Recorded information |
--------------------------------
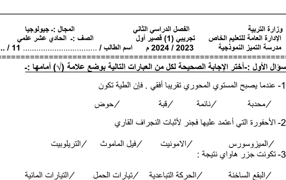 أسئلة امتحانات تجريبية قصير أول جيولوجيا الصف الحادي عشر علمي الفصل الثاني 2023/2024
--------------------------------
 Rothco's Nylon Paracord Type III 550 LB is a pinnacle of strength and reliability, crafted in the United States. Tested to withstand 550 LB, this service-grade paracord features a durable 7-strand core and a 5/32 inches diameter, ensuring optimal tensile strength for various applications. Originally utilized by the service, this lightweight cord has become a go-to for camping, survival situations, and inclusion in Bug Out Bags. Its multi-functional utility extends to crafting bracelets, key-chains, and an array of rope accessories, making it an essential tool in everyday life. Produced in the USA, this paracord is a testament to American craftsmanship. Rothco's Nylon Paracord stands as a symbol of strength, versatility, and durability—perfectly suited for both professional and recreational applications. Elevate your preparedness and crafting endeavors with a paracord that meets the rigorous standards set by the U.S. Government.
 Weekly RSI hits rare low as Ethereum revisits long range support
--------------------------------
Exercise description | In the listing above, find the line holding "Rothco's Nylon Paracord Type" and the line holding "Weekly RSI hits", then output those two lines and every line between them exactly.

Output of the exercise |
 Rothco's Nylon Paracord Type III 550 LB is a pinnacle of strength and reliability, crafted in the United States. Tested to withstand 550 LB, this service-grade paracord features a durable 7-strand core and a 5/32 inches diameter, ensuring optimal tensile strength for various applications. Originally utilized by the service, this lightweight cord has become a go-to for camping, survival situations, and inclusion in Bug Out Bags. Its multi-functional utility extends to crafting bracelets, key-chains, and an array of rope accessories, making it an essential tool in everyday life. Produced in the USA, this paracord is a testament to American craftsmanship. Rothco's Nylon Paracord stands as a symbol of strength, versatility, and durability—perfectly suited for both professional and recreational applications. Elevate your preparedness and crafting endeavors with a paracord that meets the rigorous standards set by the U.S. Government.
 Weekly RSI hits rare low as Ethereum revisits long range support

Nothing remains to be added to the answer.